Directions for this task = If pictures appear in the lines below, skip them and copy exactly the lines from the one containing "Big Picture Ribbon Skirts, pages 4-5" through the one containing "Johan Gregor Mendel (1840-1843)", and nothing else.
(Input records begins)
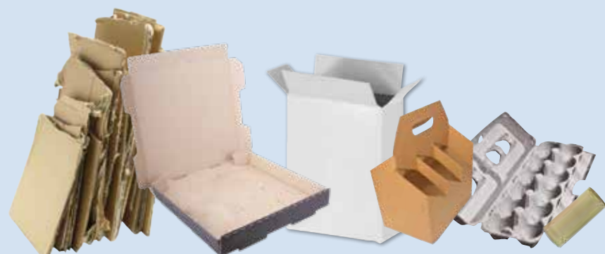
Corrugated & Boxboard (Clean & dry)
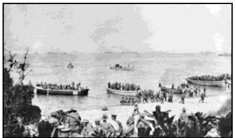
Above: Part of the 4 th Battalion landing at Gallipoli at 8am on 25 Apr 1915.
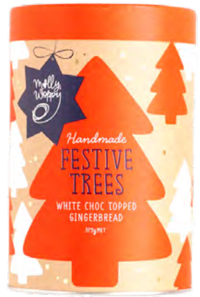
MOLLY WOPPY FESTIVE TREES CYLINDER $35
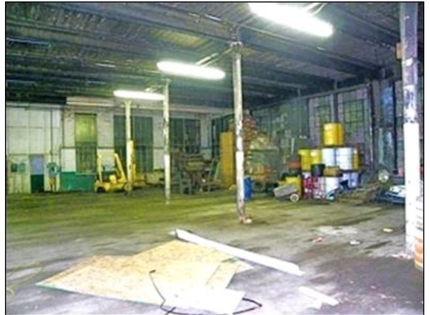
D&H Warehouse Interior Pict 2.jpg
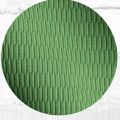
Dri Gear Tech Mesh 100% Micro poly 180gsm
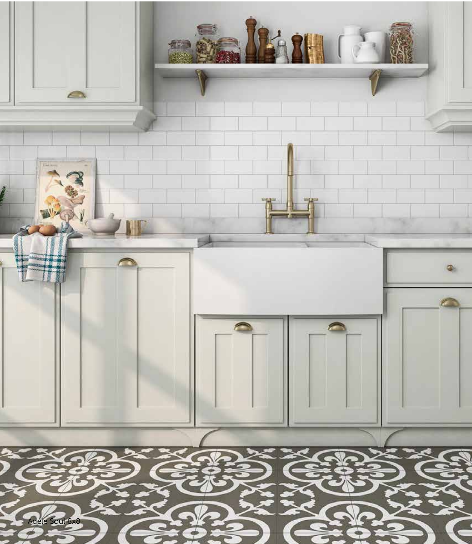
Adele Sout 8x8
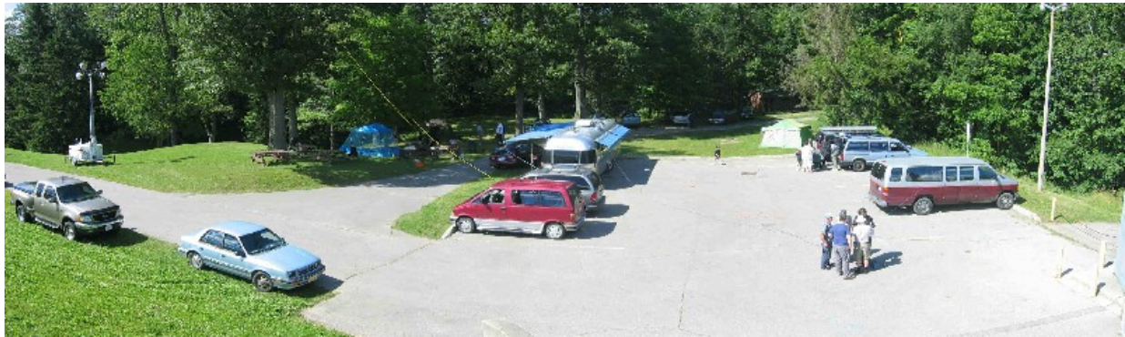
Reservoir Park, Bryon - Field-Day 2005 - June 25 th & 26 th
(Input records ends)
(Input records begins)
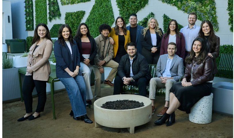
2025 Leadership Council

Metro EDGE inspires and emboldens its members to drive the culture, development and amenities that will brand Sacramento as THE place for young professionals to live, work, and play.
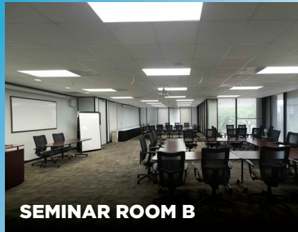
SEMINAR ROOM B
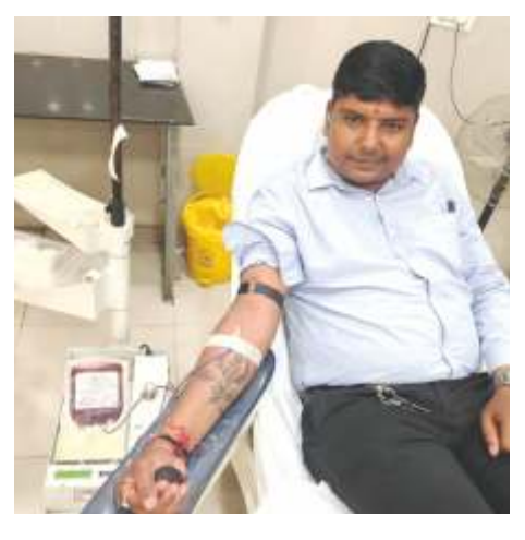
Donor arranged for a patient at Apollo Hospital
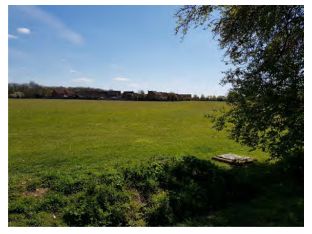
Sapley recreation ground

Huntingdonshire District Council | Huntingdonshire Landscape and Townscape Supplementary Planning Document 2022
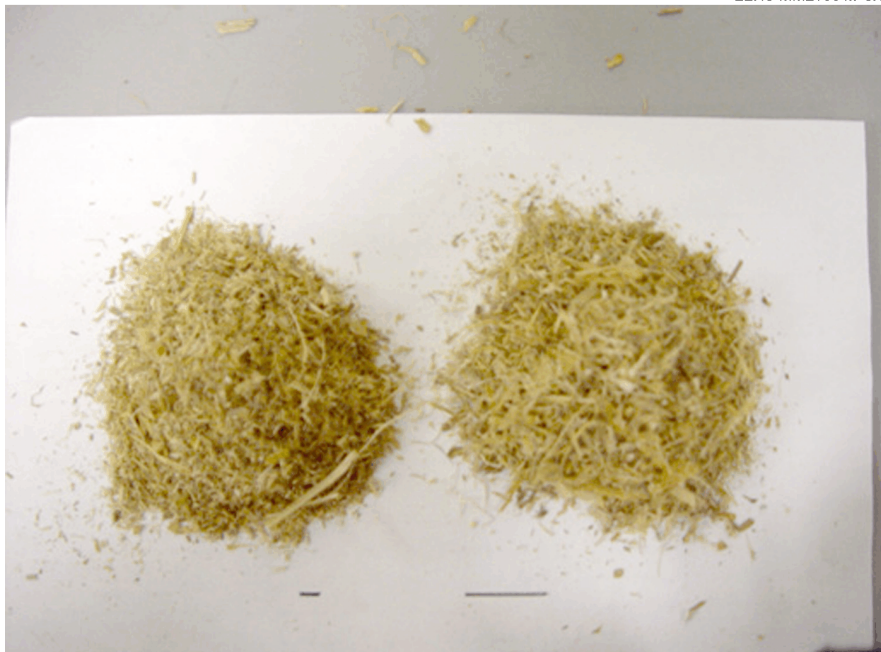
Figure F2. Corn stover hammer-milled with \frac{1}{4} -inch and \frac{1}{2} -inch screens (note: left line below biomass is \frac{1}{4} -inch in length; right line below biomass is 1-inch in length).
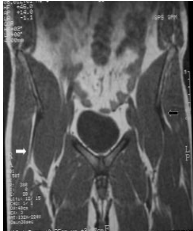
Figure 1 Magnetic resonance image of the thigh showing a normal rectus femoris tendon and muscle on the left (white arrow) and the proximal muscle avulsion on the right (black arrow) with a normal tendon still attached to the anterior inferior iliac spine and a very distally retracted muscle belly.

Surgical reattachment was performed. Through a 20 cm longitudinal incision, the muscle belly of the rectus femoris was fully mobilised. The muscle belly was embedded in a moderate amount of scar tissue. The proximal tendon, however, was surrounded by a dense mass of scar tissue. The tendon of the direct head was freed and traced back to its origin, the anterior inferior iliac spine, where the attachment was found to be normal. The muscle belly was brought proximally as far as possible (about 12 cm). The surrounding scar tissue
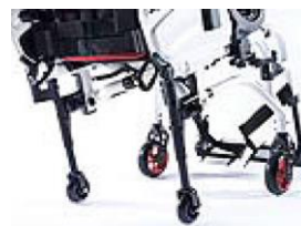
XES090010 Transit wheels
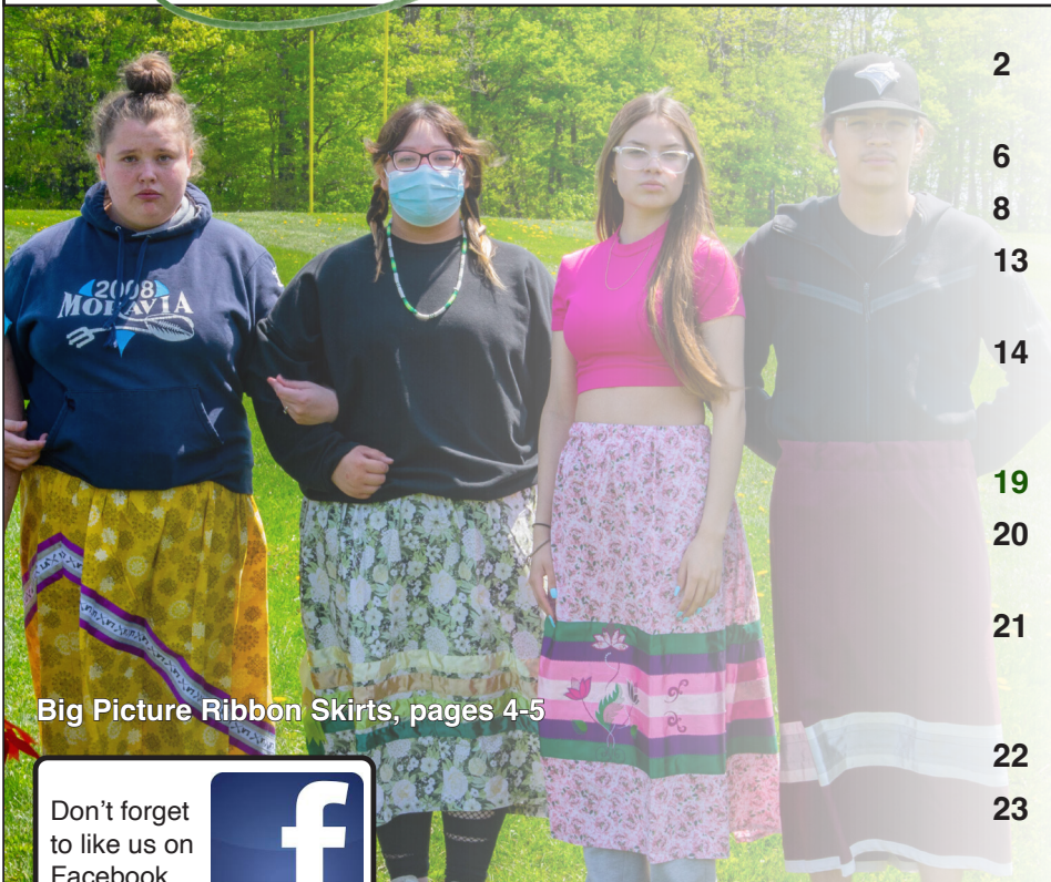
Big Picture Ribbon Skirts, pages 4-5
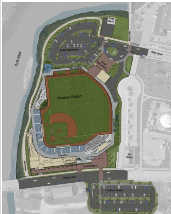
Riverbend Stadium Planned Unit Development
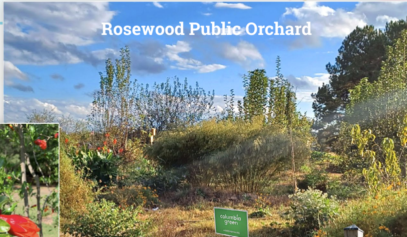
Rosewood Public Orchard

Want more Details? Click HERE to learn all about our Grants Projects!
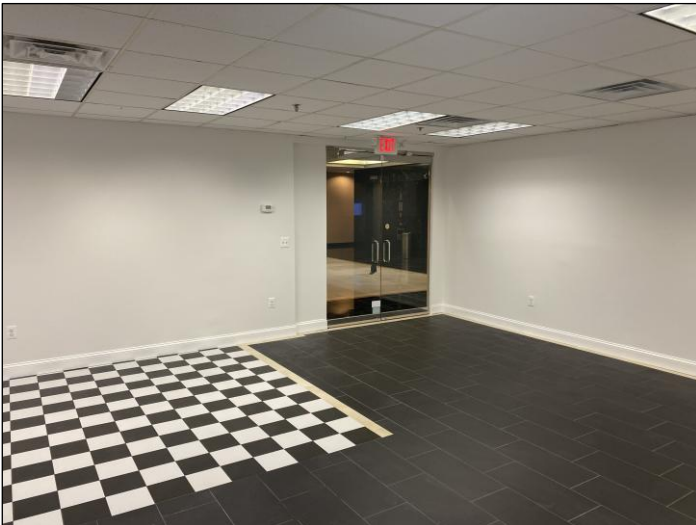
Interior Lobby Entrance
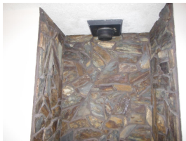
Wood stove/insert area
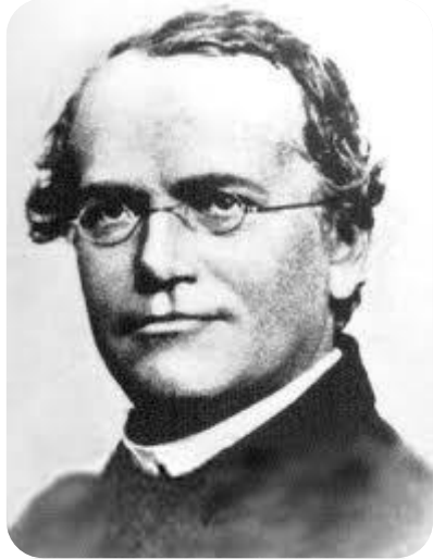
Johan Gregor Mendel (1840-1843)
(Input records ends)
Finished task =
Big Picture Ribbon Skirts, pages 4-5
Riverbend Stadium Planned Unit Development
Rosewood Public Orchard

Want more Details? Click HERE to learn all about our Grants Projects!
Interior Lobby Entrance
Wood stove/insert area
Johan Gregor Mendel (1840-1843)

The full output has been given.